| Prompt |
Give again, word for word, each line of the data from the first through the one containing "仪式开始,由20级虚拟专业的". Pictures stay out.

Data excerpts
----

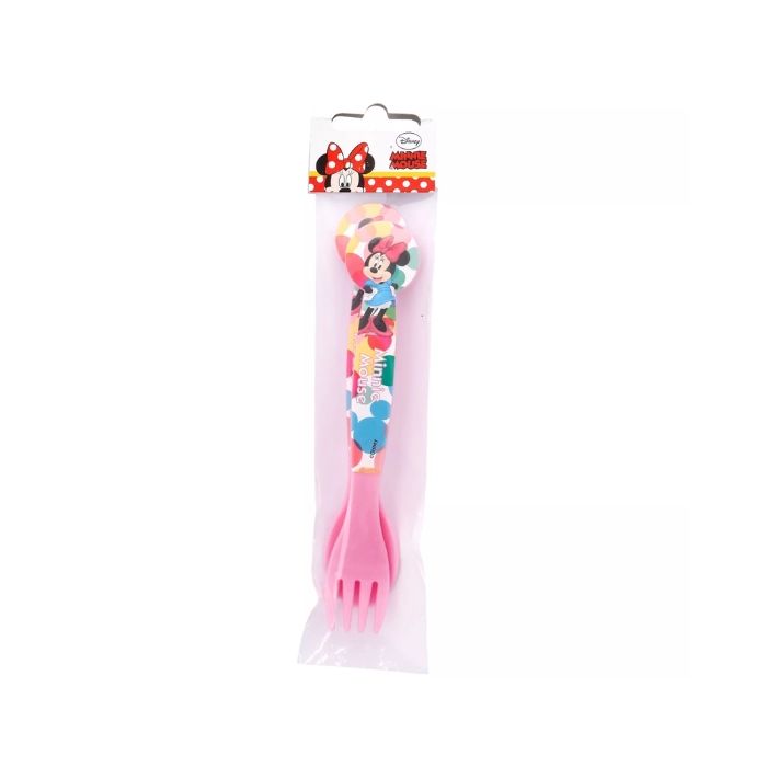 Set van 2 herbruikbare kunststof kinderbestek bestaande uit een Minnie Mouse vork en lepel, met versierde handvatten. Gemaakt van BPA-vrij plastic.
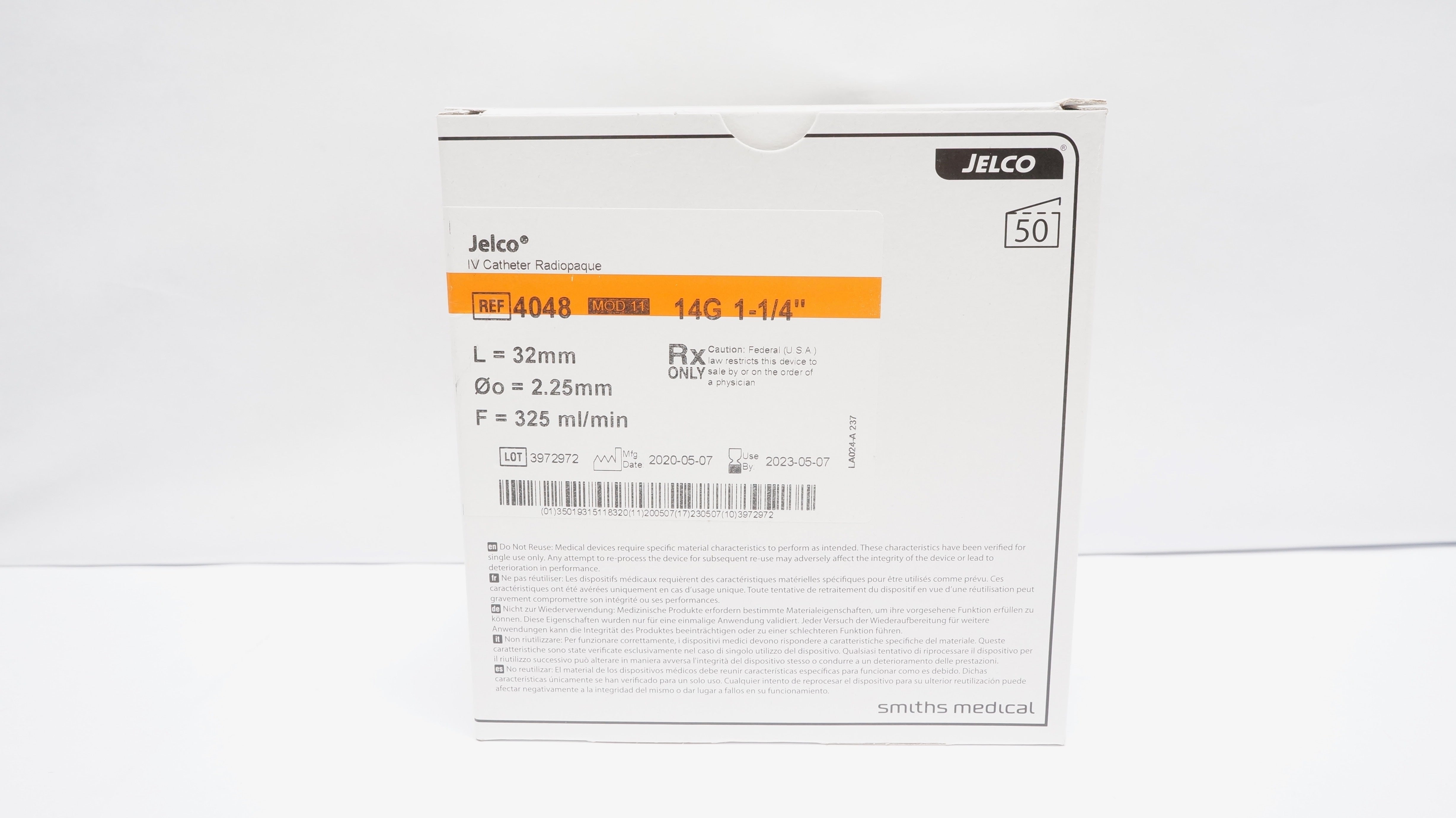 - Smiths Medical 4048 Jelco IV Cath. Radiopaque 14G 1-1/4inch - Box of 50 (x)
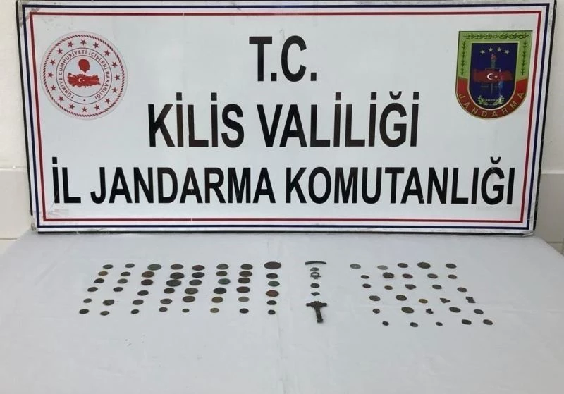 Kilis’te, jandarma ekipleri 84 adet sikke ile birlikte 2 kişiyi yakaladı.
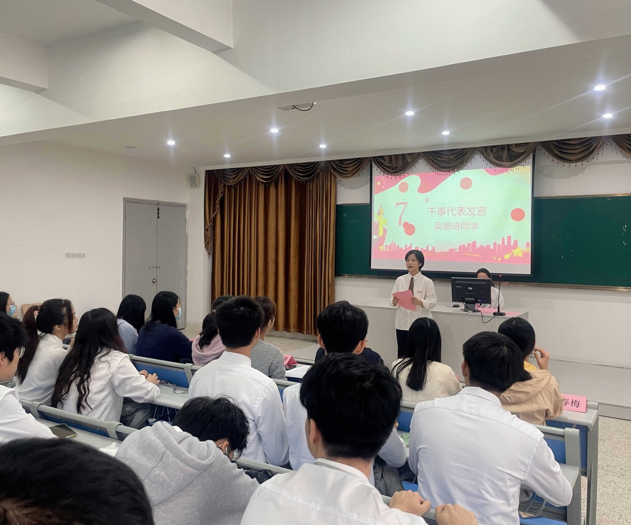 仪式开始,由20级虚拟专业的刘俊畅同学主持开场,宣布第十一届艺术设计系第十一届“两委一会”授牌仪式暨第一次全体大会正式开始。本次活动,第一个环节,由李彬垠副书记宣读新一任两委一会学生干部名单,紧接着全体干部进行宣誓,表明他们要在今后全心全意为系部全体师生服务的决心;第二个环节,主席团、学生干部发言,报告本学期团学工作计划与寄语;第三个环节,全体同学观看了习近平总书记在庆祝五四运动胜利80周年大会上的发言视频,通过视频大家知道了青年同志在党和国家的建设上所扮演的重要角色,以此提醒自己要时刻努力奋斗;第四个环节,由老师们为2021级新生干事颁发工作牌,新生干事代表室内专业的吴德诗同学作为代表进行就职发言。
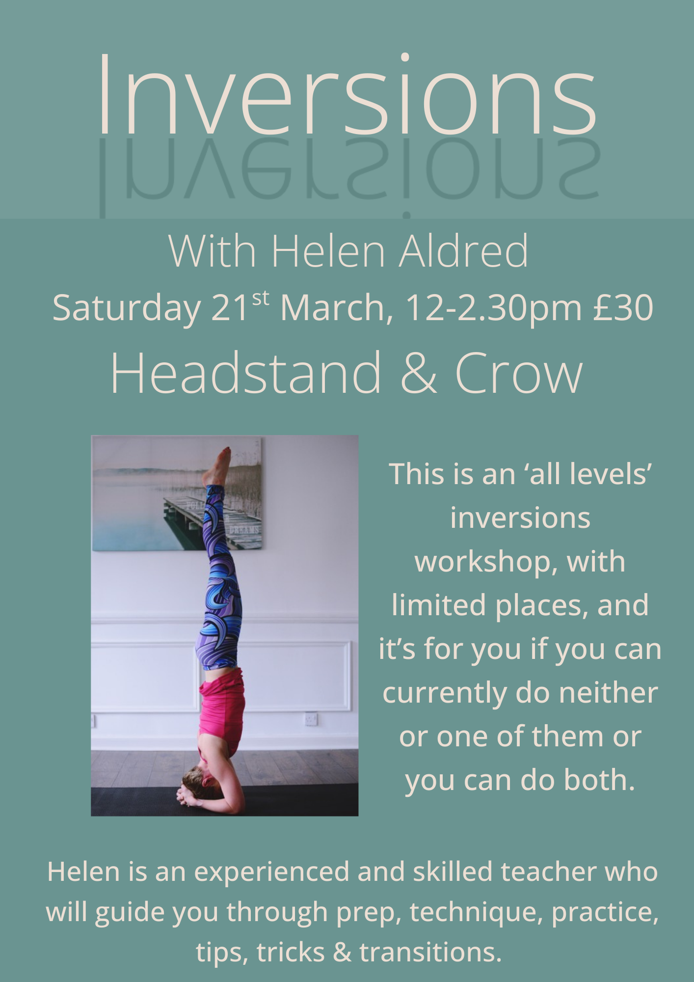 Join Helen for a Saturday afternoon exploring inversions. It doesn’t matter if you can or cannot do headstand and/or crow, this is an open level workshop with an experienced teacher. Limited places.
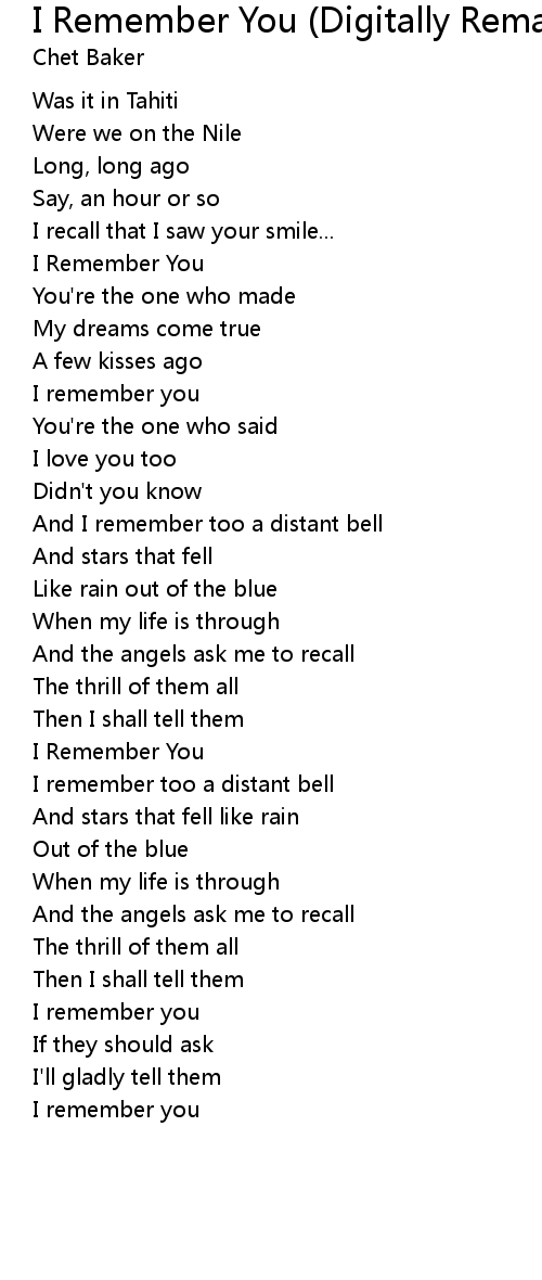 I Remember You (Digitally Remastered) Lyrics
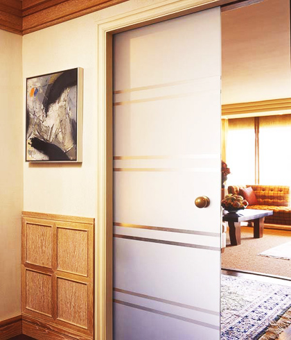 - открываются раздвижным способом – полотна скользят параллельно стене или прячутся в полости внутри неё. Встроенная дверь – наиболее компактный вариант перекрытия прохода, освобождающий всю площадь вокруг него;
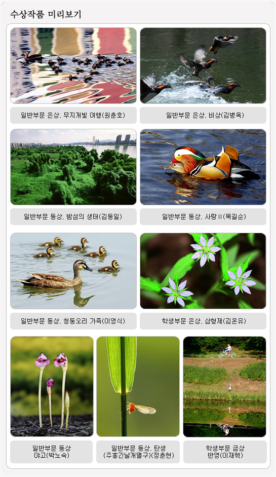 우수작 57점 선정…15(월) 시청 태평홀에서 시상식 ‘서울 야생 동・식물 사진공모전’의 수상자가 결정됐다. 금상 일반부문에는 아시아실잠자리의 짝짓기 모습을 포착한 허현 씨의 작품 ‘짝’이, 학생부문에는 왜가리를 바라보는 어린아이의 모습을 재미있게 담아낸 이재혁 씨의 ‘반영’이 선정됐다. ‘서울 야생 동・식물 사진공모전’은 자연생태의 아름다움을 느끼고 환경보전의 필요성을 일깨우기 위해 마련된 행사로 올해로 1회째를 맞는다. 공모기간 동안 접수된 작품은 총 664점으로 시는 그 중 인간과 공존하는 야생 동・식물의 모습을 잘 나타낸 57점의 작품을 우수작으로 선정했다. 15일 11시 태평홀에서는 수상자에 대한 시상식이 진행됐다. 시상식에는 김흥권 부시장이 참석해 우수작품 수상자에게 상장을 전달했다. 시상식과 함께 같은 날 서울광장에서는 ‘서울 야생 동・식물 사진공모전 수상작품’이 전시됐다. 수상작을 살펴보면, 일반부문 은상에는 원앙의 아름다운 비상모습을 담은 ‘비상(김병옥)’과 안양천 오리가족의 모습을 재미있게 포착한 ‘무지개빛 여행(원춘호)’이 뽑혔고, 동상에는 ‘밤섬의 생태(김동일)’, ‘야고(박노숙)’, ‘사랑Ⅱ(목길순)’, ‘청둥오리가족(이영식)’, ‘탄생(정춘현)’이 선정됐다. 이와 함께 학생부문에는 사이좋은 형제처럼 피어있는 꽃을 포착한 ‘삼형제(김온유)’가 은상으로 선정됐고, 남방부전나비의 아름다움을 포착한 ‘벌개미취와 남방부전나비(정다은)’ 등 7점의 작품이 입선으로 선정됐다.

----

| Answer section |
 Set van 2 herbruikbare kunststof kinderbestek bestaande uit een Minnie Mouse vork en lepel, met versierde handvatten. Gemaakt van BPA-vrij plastic.
 - Smiths Medical 4048 Jelco IV Cath. Radiopaque 14G 1-1/4inch - Box of 50 (x)
 Kilis’te, jandarma ekipleri 84 adet sikke ile birlikte 2 kişiyi yakaladı.
 仪式开始,由20级虚拟专业的刘俊畅同学主持开场,宣布第十一届艺术设计系第十一届“两委一会”授牌仪式暨第一次全体大会正式开始。本次活动,第一个环节,由李彬垠副书记宣读新一任两委一会学生干部名单,紧接着全体干部进行宣誓,表明他们要在今后全心全意为系部全体师生服务的决心;第二个环节,主席团、学生干部发言,报告本学期团学工作计划与寄语;第三个环节,全体同学观看了习近平总书记在庆祝五四运动胜利80周年大会上的发言视频,通过视频大家知道了青年同志在党和国家的建设上所扮演的重要角色,以此提醒自己要时刻努力奋斗;第四个环节,由老师们为2021级新生干事颁发工作牌,新生干事代表室内专业的吴德诗同学作为代表进行就职发言。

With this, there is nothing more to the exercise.